Time Warner Cable Considers Offering Broadcast Channels Over The Internet

While all the network broadcasters are suing Aereo — the startup that captures over-the-air signals then transmits them to subscribers over the Internet for a monthly fee — the CEO of Time Warner Cable is looking that the tech and thinking it may be a pretty good idea for his company.

“What Aereo is doing to bring broadcast signals to its customers is interesting,” TWC CEO Glenn Britt tells the Washington Post. “If it is found legal, we could conceivably use similar technology.”

For those coming late to the Aereo party, the broadcasters allege that the company is breaking the law by retransmitting their over-the-air content without paying for it. Aereo maintains that by using an array of teensy-weensy antennae, each dedicated to an individual customer, it’s not doing anything different than someone who puts an antenna on her roof to improve her reception.

Aereo currently only operates in two markets, but is planning to expand to 22 markets in the coming month. Obviously, the long-term feasibility of this expansion relies on Aereo proving its case in court.

Even if Aereo is the victor in the broadcaster lawsuits, a company like Time Warner Cable, with an existing nationwide customer base of cable and Internet users and more money to throw around, would be in a better position to make this sort of tech available to the largest number of consumers.

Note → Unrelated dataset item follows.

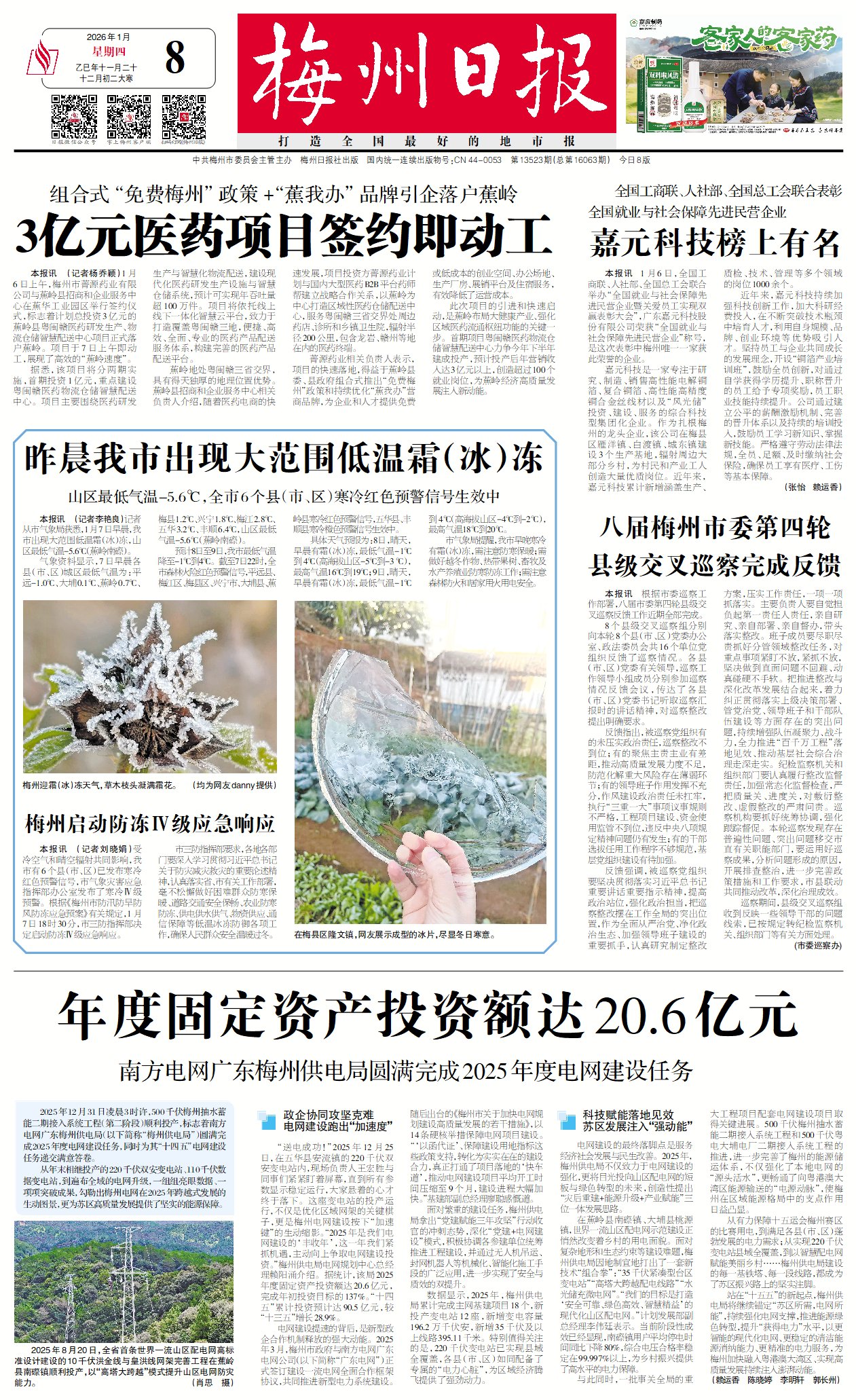 “送电成功!”2025年12月25日,在五华县安流镇的220千伏双安变电站内,现场负责人王宏胜与同事们紧紧盯着屏幕,直到所有参数显示稳定运行,大家悬着的心才终于落下。这座变电站的投产运行,不仅是优化区域网架的关键棋子,更是梅州电网建设按下“加速键”的生动缩影。“2025年是我们电网建设的‘丰收年’,这一年我们紧抓机遇,主动向上争取电网建设投资。”梅州供电局电网规划中心总经理赖阳涌介绍。据统计,该局2025年度固定资产投资额达20.6亿元,完成年初投资目标的137%。“十四五”累计投资预计达90.5亿元,较“十三五”增长28.9%。

Of course, acquiring Aereo or starting a competing service would likely throw a wrench in TWC’s relationships with the networks. CBS Corp. CEO Les Moonves recently stated that he’d consider going cable-only if it loses the Aereo lawsuit, a sentiment first voiced by the COO of News Corp, which owns FOX. But what will happen if/when one of the nation’s largest cable providers is offering the very service these networks went off the air to avoid?

That’s a question to be answered down the road. But in the meantime, Britt is repeating his war cry that broadcasters are forcing bundles of channels down the throats of cable and satellite operators, who have no choice but to pass that cost on to customers.

“The structure needs more flexibility,” said Britt, who has been beating this drum for a while now. “There are fellow citizens who are struggling financially and can’t afford large programming packages. We want the ability to offer those customers smaller, more affordable packages.”

A rep for the National Association of Broadcasters says Britt is being hypocritical in pointing the finger at the big content providers.

“Time Warner Cable owns regional sports channels that charge viewers as much as $5 per subscriber per month,” the EVP of the NAB tells the Post. “The notion that Time Warner Cable has suddenly become ‘pro-consumer’ is laughable.”